Exercise instructions -
Your answer must be the full listing, reproduced exactly, minus any pictures.

The data -
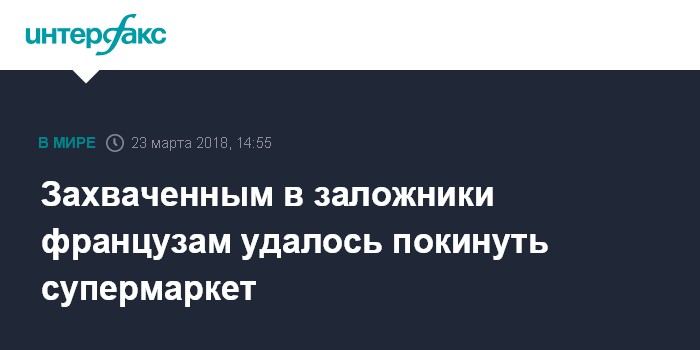 Москва. 23 марта. INTERFAX.RU - Примерно 20 людям, которые ранее были захвачены в заложники в супермаркете во французском населенном пункте Треб, удалось покинуть помещение, сообщает в пятницу французский телеканал BFM TV.
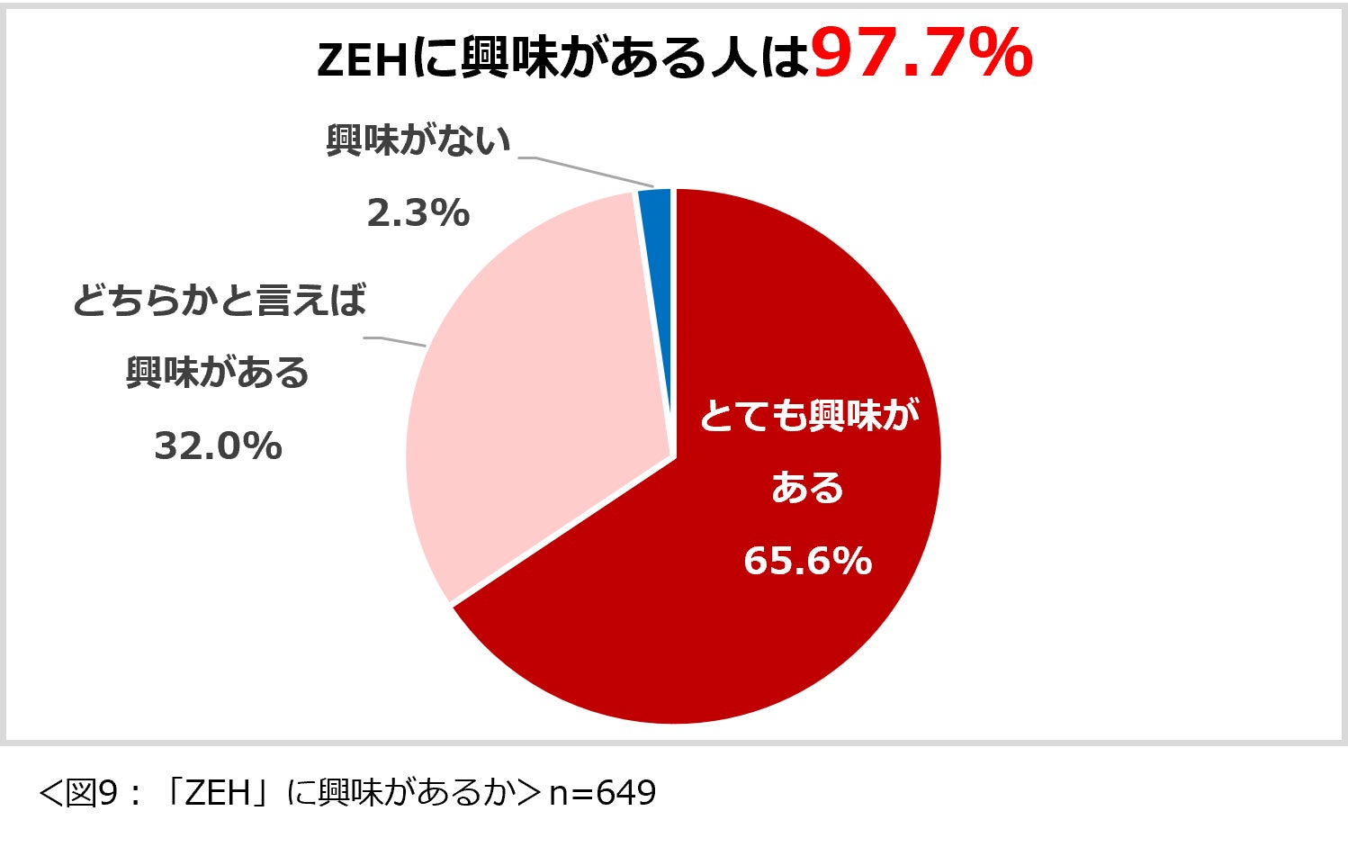 現在、ZEH基準を満たした省エネ住宅にお住まいではない、またはわからないと回答した649名に、「ZEHに興味はありますか?」と尋ねたところ、「とても興味がある」(65.6%)、「どちらかと言えば興味がある」(32.0%)を合わせると、97.7%の人が興味を持っていることが分かりました。(図9)
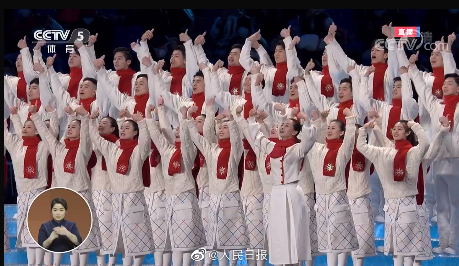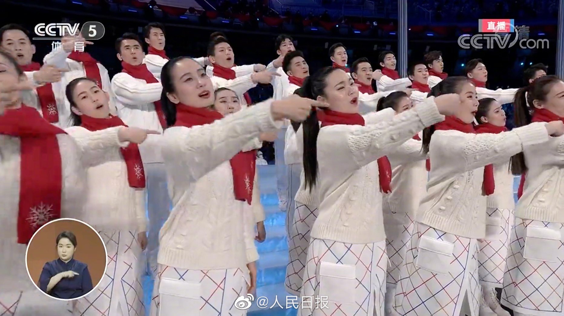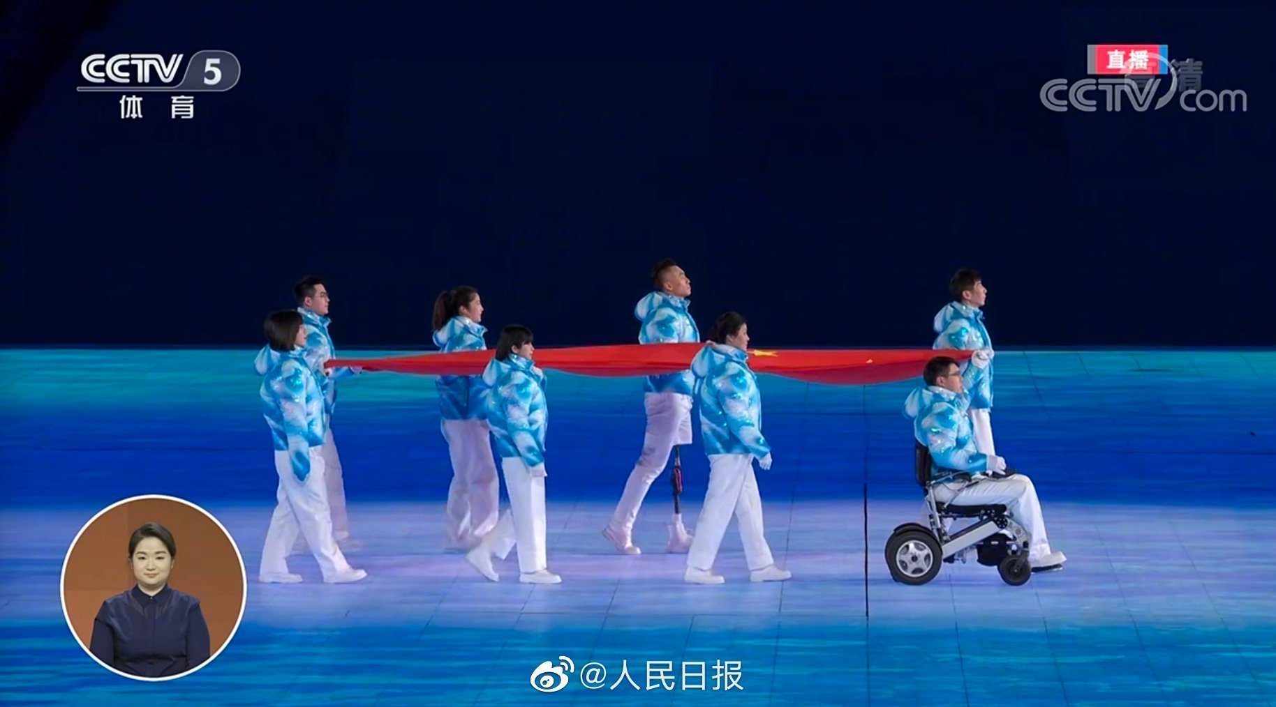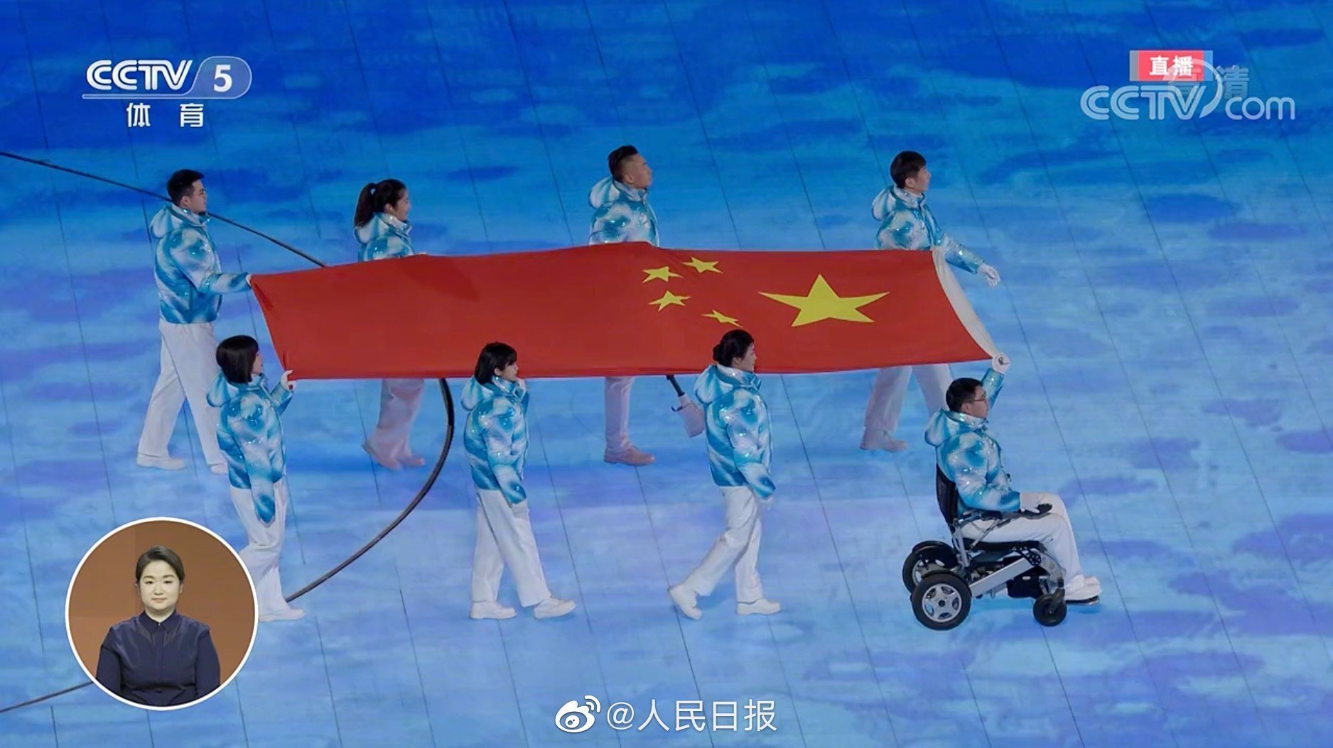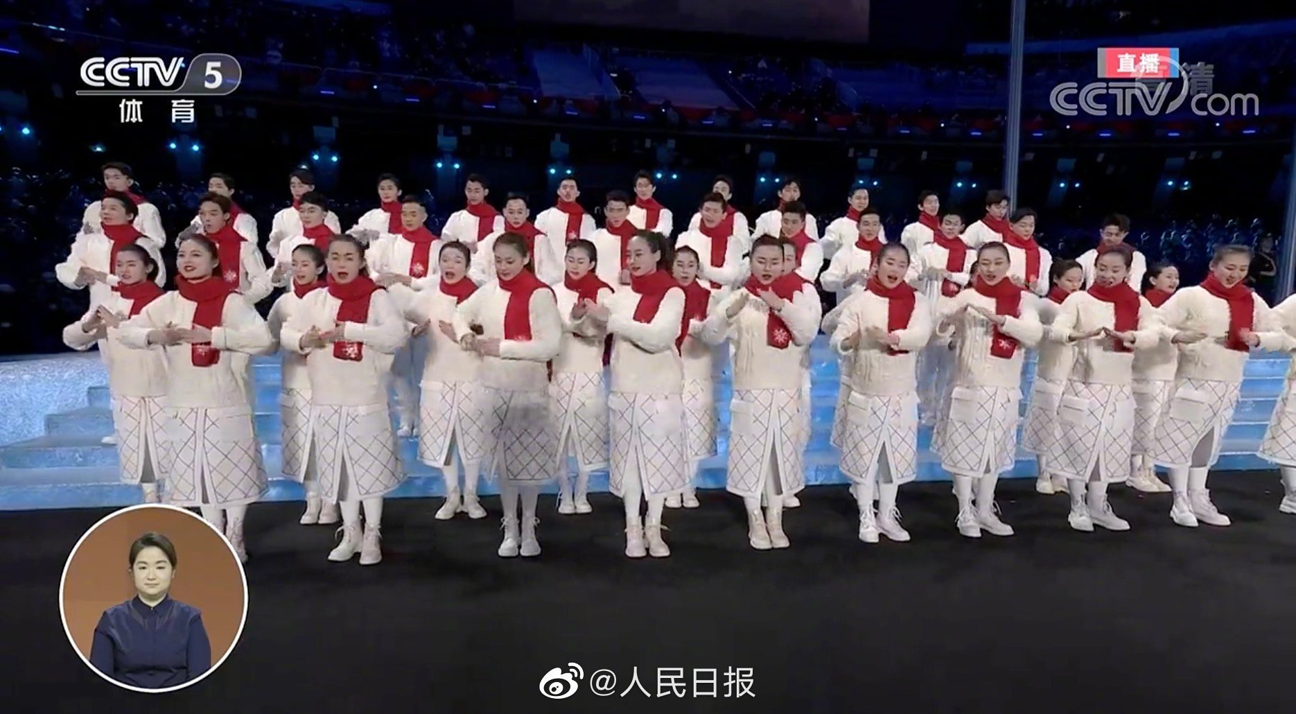 旗台两侧,24名大学生深情唱响《我和我的祖国》,迎接国旗。他们利用业余时间排练和参加冬残奥会开幕式的表演,以无伴奏合唱的形式,唱响对祖国的热爱。

Written response -
 Москва. 23 марта. INTERFAX.RU - Примерно 20 людям, которые ранее были захвачены в заложники в супермаркете во французском населенном пункте Треб, удалось покинуть помещение, сообщает в пятницу французский телеканал BFM TV.
 現在、ZEH基準を満たした省エネ住宅にお住まいではない、またはわからないと回答した649名に、「ZEHに興味はありますか?」と尋ねたところ、「とても興味がある」(65.6%)、「どちらかと言えば興味がある」(32.0%)を合わせると、97.7%の人が興味を持っていることが分かりました。(図9)
 旗台两侧,24名大学生深情唱响《我和我的祖国》,迎接国旗。他们利用业余时间排练和参加冬残奥会开幕式的表演,以无伴奏合唱的形式,唱响对祖国的热爱。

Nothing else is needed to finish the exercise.